* _Task directions_: A faithful copy of the data is the goal; set it down exactly, without the images.

* _Provided data_:
──────────

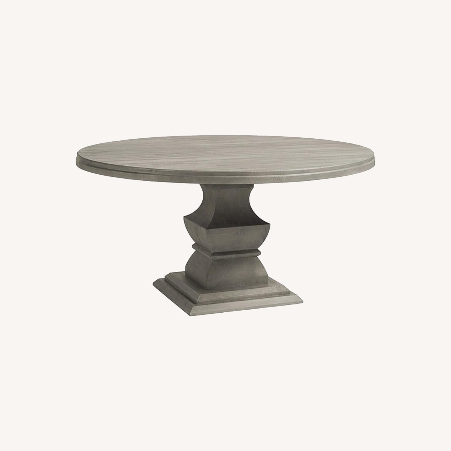 Seller's Notes:GRAYWASH FINISH NO LONGER AVAILABLE FROM BALLARD! The 60" Andrews Graywash pedestal table has been triple sealed with a water-based poly stain in a satin finish, which makes it very resistant to spills. There are no water rings due to the sealing. Can seat 6 comfortably, and can fit 8 people if needed. This table has some small markings from use, but they are not very visible. If you want more detailed photos, please send a message. There is some texture to this table, so the imperfections blend in. However, the finish is not 100% perfect (tiny dents or flecks visible if you look closely). Very durable and family-friendly.
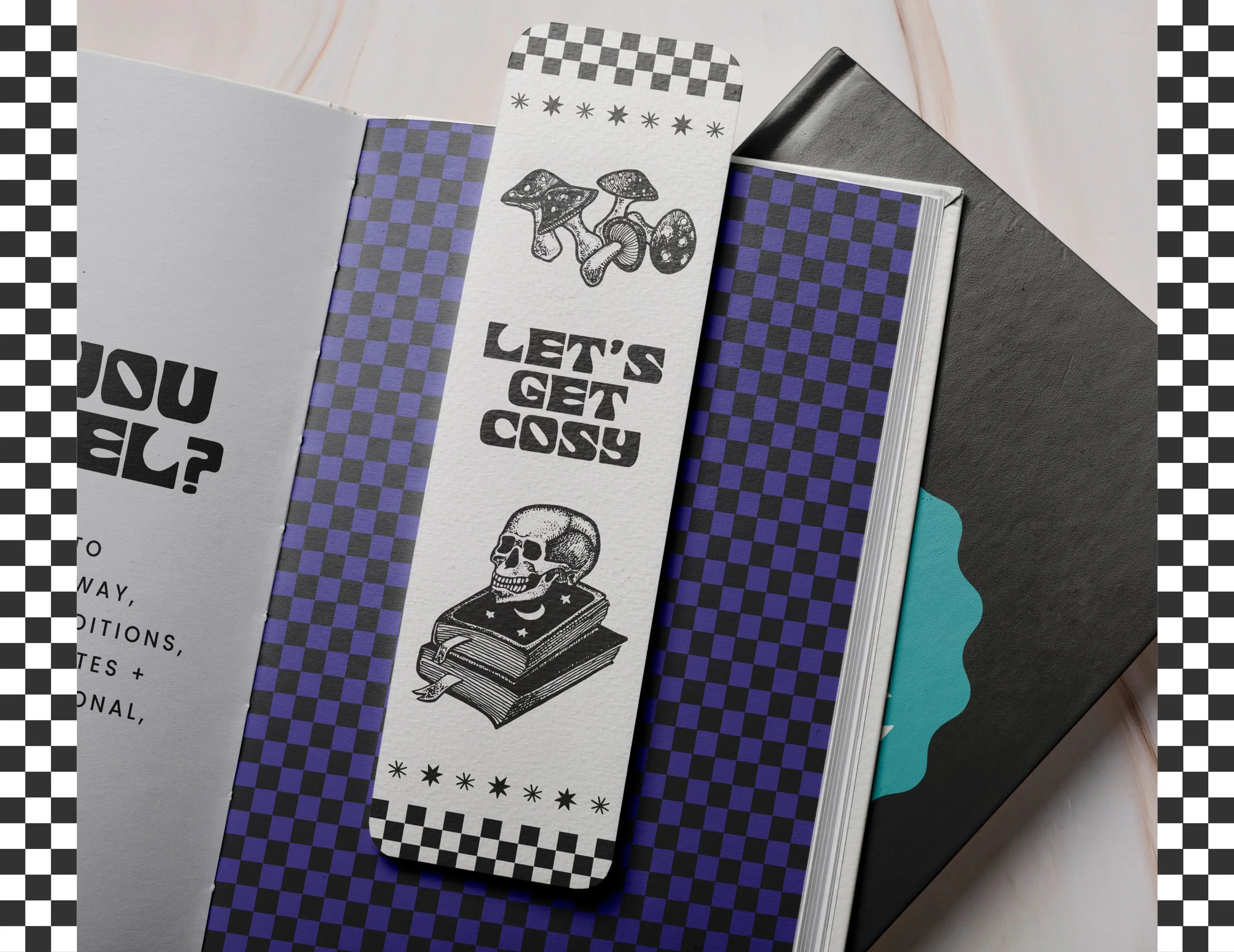 Download this free bookmark design and you’re sorted. Print it at home or at a local printers and if you can, choose a lovely paper stock like Tintoretto Gesso in 300gsm or a thick card for the most premium finish.
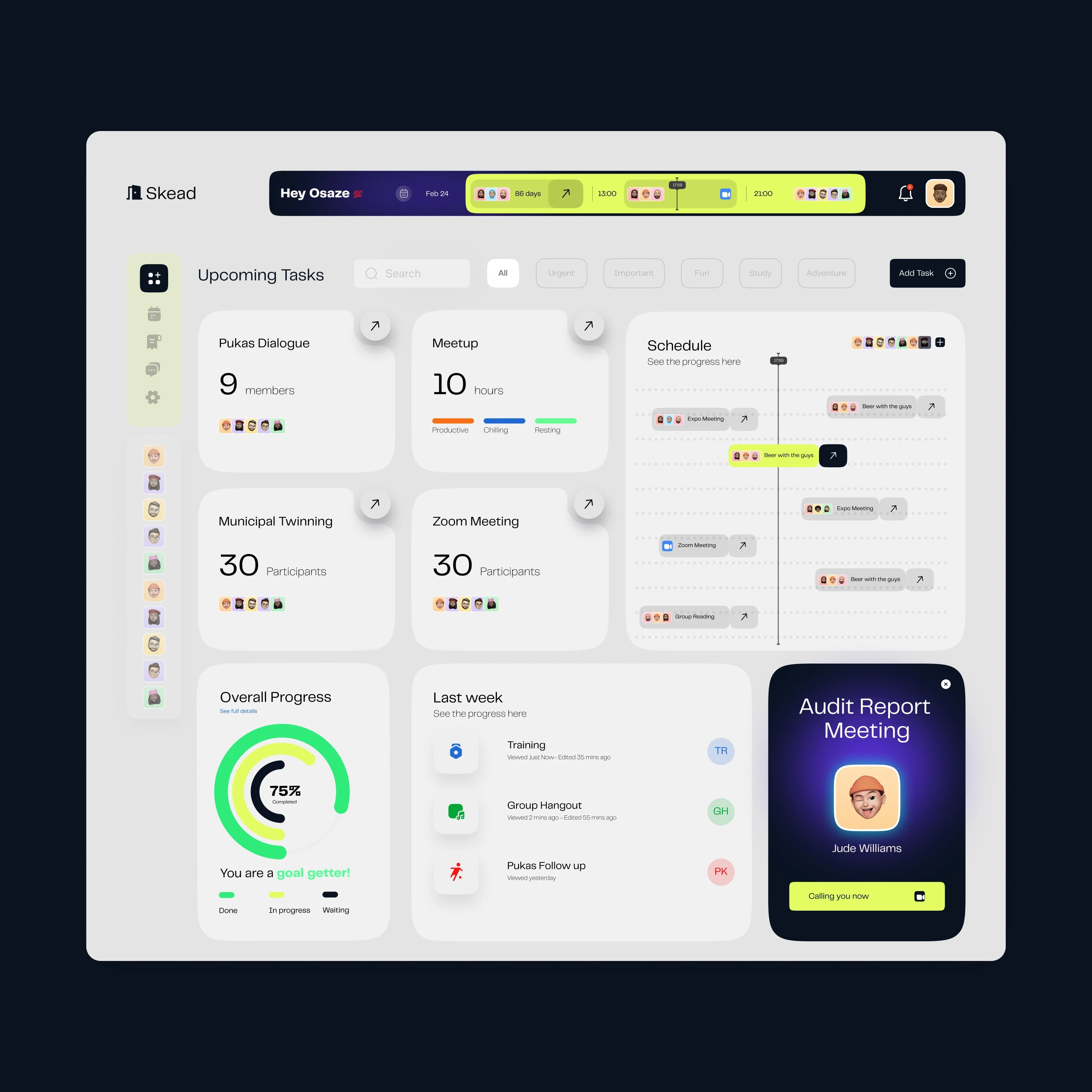 模塊化卡片布局 —— 信息拆分為獨立卡片,任務、進度、日程分區清晰。

──────────

* _Completed task_:
 Seller's Notes:GRAYWASH FINISH NO LONGER AVAILABLE FROM BALLARD! The 60" Andrews Graywash pedestal table has been triple sealed with a water-based poly stain in a satin finish, which makes it very resistant to spills. There are no water rings due to the sealing. Can seat 6 comfortably, and can fit 8 people if needed. This table has some small markings from use, but they are not very visible. If you want more detailed photos, please send a message. There is some texture to this table, so the imperfections blend in. However, the finish is not 100% perfect (tiny dents or flecks visible if you look closely). Very durable and family-friendly.
 Download this free bookmark design and you’re sorted. Print it at home or at a local printers and if you can, choose a lovely paper stock like Tintoretto Gesso in 300gsm or a thick card for the most premium finish.
 模塊化卡片布局 —— 信息拆分為獨立卡片,任務、進度、日程分區清晰。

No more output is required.